"I was selected as executive director on Oct. 31, and everything sort of went down a week after that," said Bridgette Carrier, the senior kinesiology major who heads the 2012 Penn State homecoming committee.
What went down, of course, was the Nov. 5 arrest on child-abuse charges of Sandusky, who had been a longtime football assistant, and the enormous aftershocks that followed: the arrests of two top administrators, a student riot, Joe Paterno's firing and death, Sandusky's trial and conviction, and draconian NCAA sanctions.
That painful litany, the horror between the homecomings, was unimaginable on Oct. 15, 2011, the last time fraternity and sorority floats rolled down College Avenue. But after the bad news broke, it seemed that everything here - football, Paterno's legacy, even homecoming - needed to be reevaluated.
"Last November, when we were at the Nebraska game or at the candlelight vigil [both post-scandal events], it was like, 'Oh my goodness, Penn State alums are supporting Penn State more than ever,' " said Carrier.
"Then in July, after the NCAA rulings, they were talking about canceling homecoming football. . . . There were points when we didn't know if the alumni were even going to be coming back."
They have, by all accounts, come back in force.
Nine hours before Friday night's parade, hundreds of students and alums had staked out vantage points along College Avenue, where some of the T-shirts and posters being sold expressed the prevalent self-affirming attitude: "Restore the Roar"; "The NCAA Ruling is Bolshevik"; "We Are . . . Still Penn State."
And along Route 322 were several billboards that contained - in small, unostentatious letters upon a field of Penn State blue - one sentence, a reference to Paterno's long and heretofore praiseworthy career, to greet homecoming alumni: "you can't cover up 61 years of success with honor."
Thirty alumni groups from around the nation have organized homecoming trips.
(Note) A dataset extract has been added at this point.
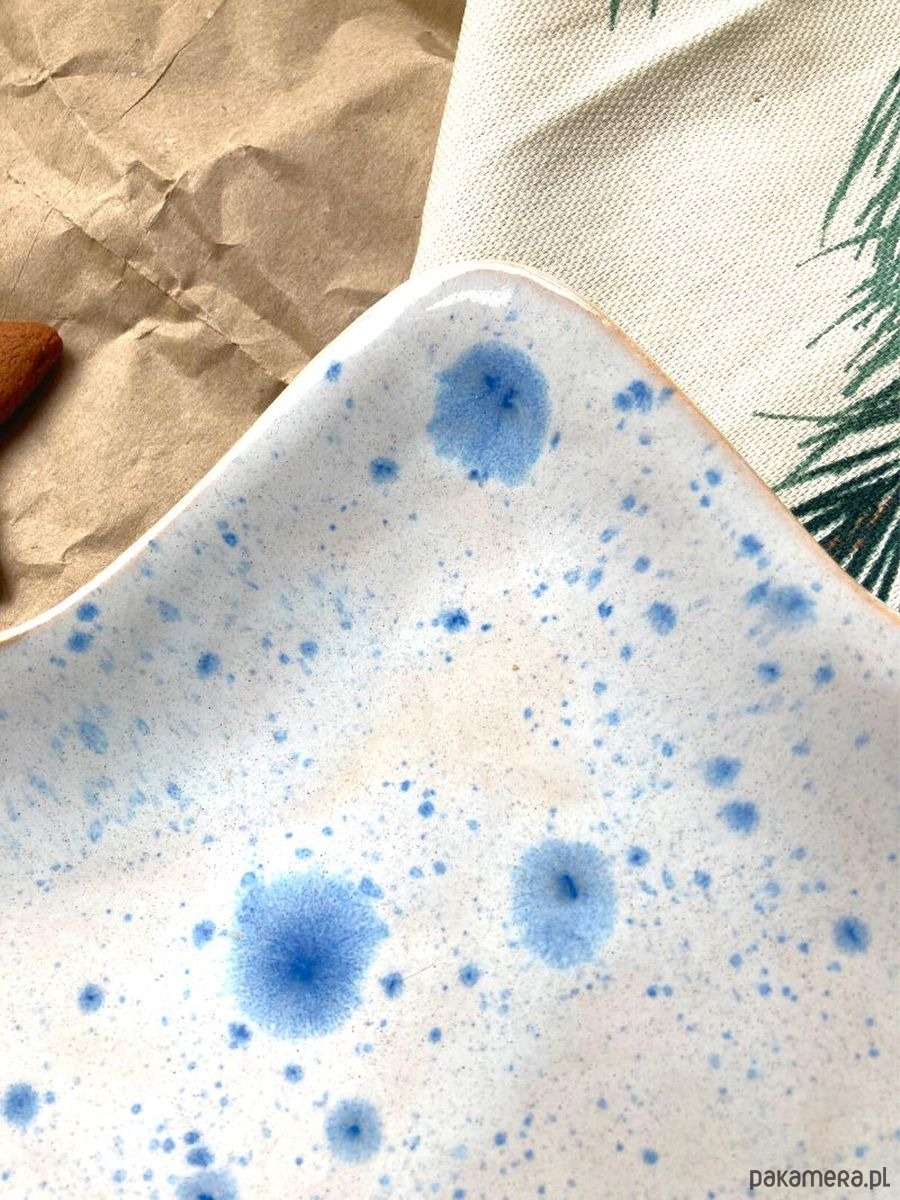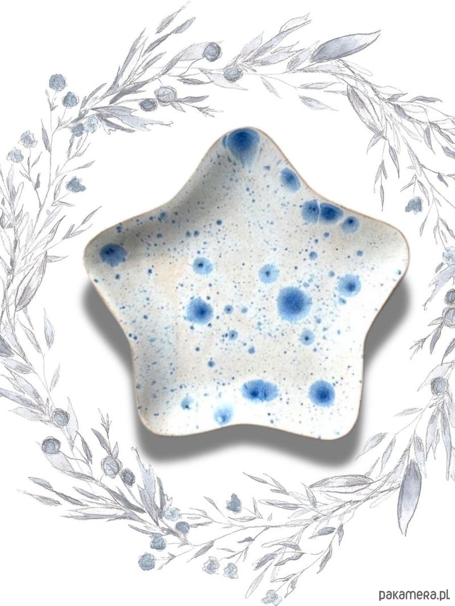 Ręcznie wykonany i niebiesko nakrapiany, przyciąga wzrok subtelnym blaskiem i niepowtarzalnym wzorem– każdy egzemplarz jest unikalny jak gwiazda na zimowym niebie.
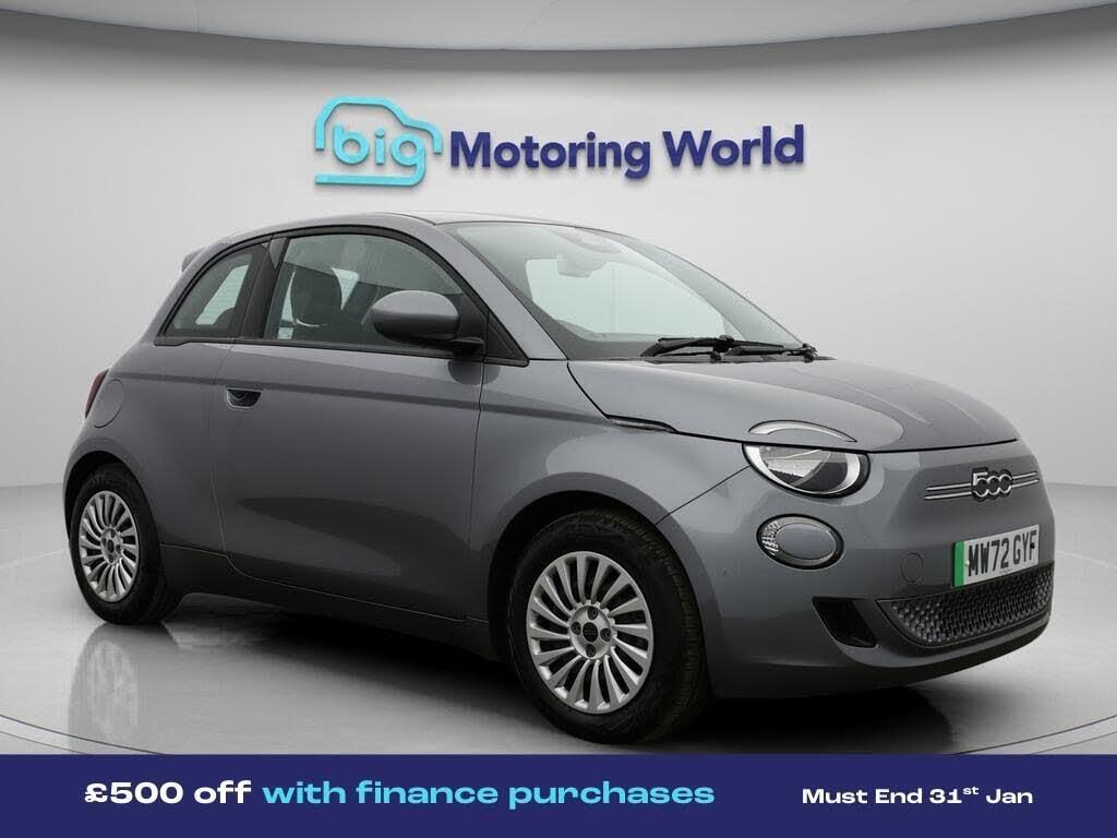 £500 towards your finance depo-Our Fiat 500e comes with optional extras worth £600. Specification includes a range of fantastic features including £500 towards your finance deposit, Apple CarPlay, Internet, Bluetooth, Parking Sensors, Cruise Control, Climate Control, Keyless Go, DAB Radio , Touch Screen Control Specification information is supplied by CAPHPI and may vary to the actual car. This data does not form any part of a buying contact. Please check specification prior to purchase in-store. The MOT is valid until January 2027, visit bigmotoringworld.co.uk for more photos, a 360 tour, service history and a free HPI report.Were BIG on peace of mind and this Grey Fiat 500e has completed our comprehensive 200 point inspection and passed all checks. Its ready for you to drive away with immediate collection in-store. We include a 90-day warranty as standard plus an option to extend for up to 3 years.Reserve this car exclusively for you, safely and securely at bigmotoringworld.co.uk, with a fully refundable £99 deposit. Test drive before you buy, with no commitment, no hassle and a completely haggle free experience. Still searching and want to see thousands more cars? We are BIG on choice with over 8000 cars to choose from.Visit our award winning web site bigmotoringworld.co.uk.Were Big Motoring World and were BIG on what matters to you.

There were, by most accounts, no hotel rooms available between Harrisburg and Altoona. At Beaver Stadium, both the tailgate lots and Nittanyville, where students camp out to secure the best seats, were surprisingly full for a Penn State-Northwestern game that was more than 24 hours away.
"We really needed this [homecoming]," said Tom Mason, an alum who traveled here from Phoenix, as he shopped in a College Avenue clothing store. "I think this weekend is going to show people just how strong the Penn State community is and just how far we've come in the last 12 months."
Penn Staters hope the opportunity to feel good among the like-minded will be one of the benefits of perhaps the most significant homecoming in the school's history. Privately, administrators hope that another benefit will be a sold-out Beaver Stadium Saturday.
Coach Bill O'Brien's 3-2 Nittany Lions have drawn crowds of less than 100,000 for each of their first three home games, just 93,680 for Temple two weeks ago. That hadn't happened since the stadium's capacity was expanded above 100,000.
Attendance is down more than 5,000 a game from 2011, when the average of 101,427 was the lowest in more than a decade.
According to ESPN, searches for Penn State tickets on online ticket-resale sites were down 62 percent from 2011, while the average sales price for those seats had dipped 38 percent.
Some alumni, like Mason, will be making their first return to campus since Sandusky's arrest triggered Penn State's annus horribilis.
"If you're an alum living elsewhere and hearing people's partially educated opinions on what's been happening here, it's been upsetting," said Bobby Walter, the student committee's public-relations director. "So coming back and being able to interact with other alums and know that everyone else has the same sense of pride, that's exciting for them."
Carrier agreed, noting that "people want to come back and feel a part of one big family again."
While the continued healing of the Penn State community seems to be this homecoming's primary goal, planners steadfastly avoided that as a theme, opting instead for the more upbeat "The Glory Echoes On."
"We [eliminated] anything about healing or rebounding because we didn't feel that was necessary," said Walter. "This weekend isn't necessarily about healing. It's more about strengthening, reestablishing what was already there, and reinforcing that."
Given the sensitivities inflamed by the Sandusky scandal and the sensibilities of typical college students, the committee had to do be careful with its plans.
"When it comes to the [fraternity and sorority] floats, we had a preliminary screening process," said Walter. "But at the same time, we are all Penn Staters working for the same cause, looking to reinforce our values.
"Sandusky is still on everyone's mind. They [students] know that, and they wouldn't do anything to cause further damage."